An ad-hoc solution would be to record for each hash map where the first entry is in the backing array. This feels like a band-aid though. What if users want to repeatedly remove the last entry using a set as a sort of deduplicating stack (or LIFO)? The hateful quadratic hash map problem would be back. What if they want to repeatedly remove the second entry in the set? One thing I learned on V8 is that it’s hard to predict what your users will do with a programming language implementation you have built.
And we built Toit to work on tiny devices. Do we really want to spend an extra word per hash map to record the number of leading tombstones? The solution we came up with was tombstones with distance markers. Each tombstone additionally records the distance to the next real entry, either on the left or the right. We update this lazily when scanning through the backing, so it doesn’t cost any time on other operations, but it lets us skip long stretches of tombstones wherever they appear.
For the common case where there are no deletions, or the deletions are randomly distributed, nothing changes, but for the problematic cases we retain the desirable property of amortized constant time insertion and deletion.

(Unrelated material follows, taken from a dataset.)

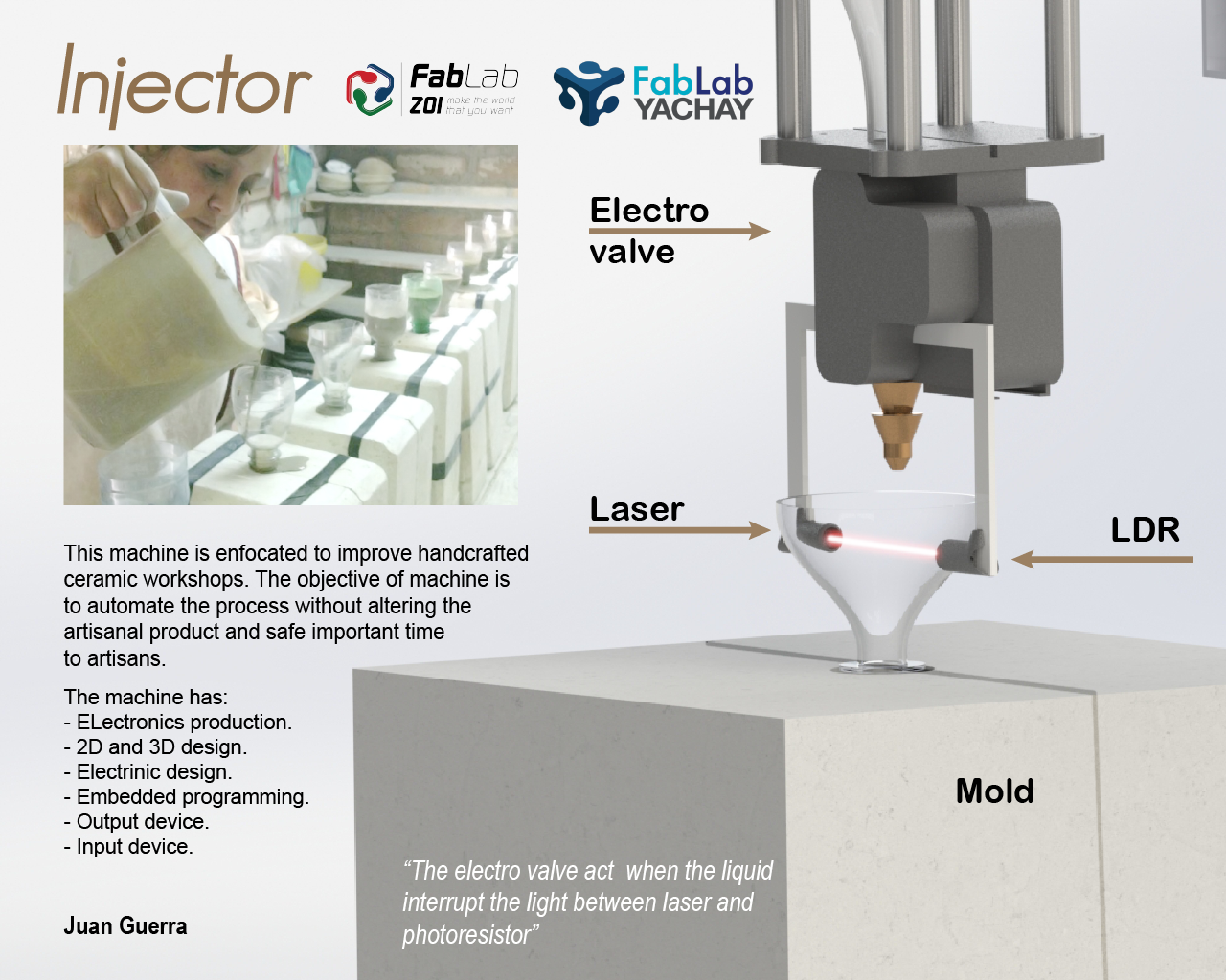 To control the amount of liquid, I going to use an electro valve for controlling the passage of the liquid into the mold, the control of the electro valve is for the data
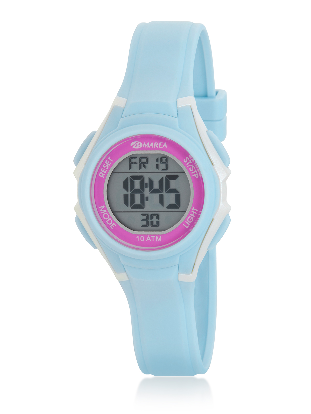 Material Brazalete: Caucho color azul claro con hebilla de acero.

Testing Languages for this Bug
I wrote a tiny program to test whether language implementations have quadratic slowdowns when using a set as a FIFO. I’m only testing languages that have an insertion-ordered set. For JavaScript I’m using the new(ish) Set, rather than abusing ordinary objects as hash maps. In Java I used LinkedHashMap, which has a completely different internal representation. I suspect LinkedHashMap of being fairly profligate in memory use (I’ll be blogging about this issue soon), but it’s the fastest insertion ordered set I tested, especially when the adaptive JIT kicks in.
So here, for your enjoyment, is the graph for various languages. Currently, all the compact-dictionary-based implementations (except Toit) have this issue. Hopefully, this blog post will inspire the implementers to fix it.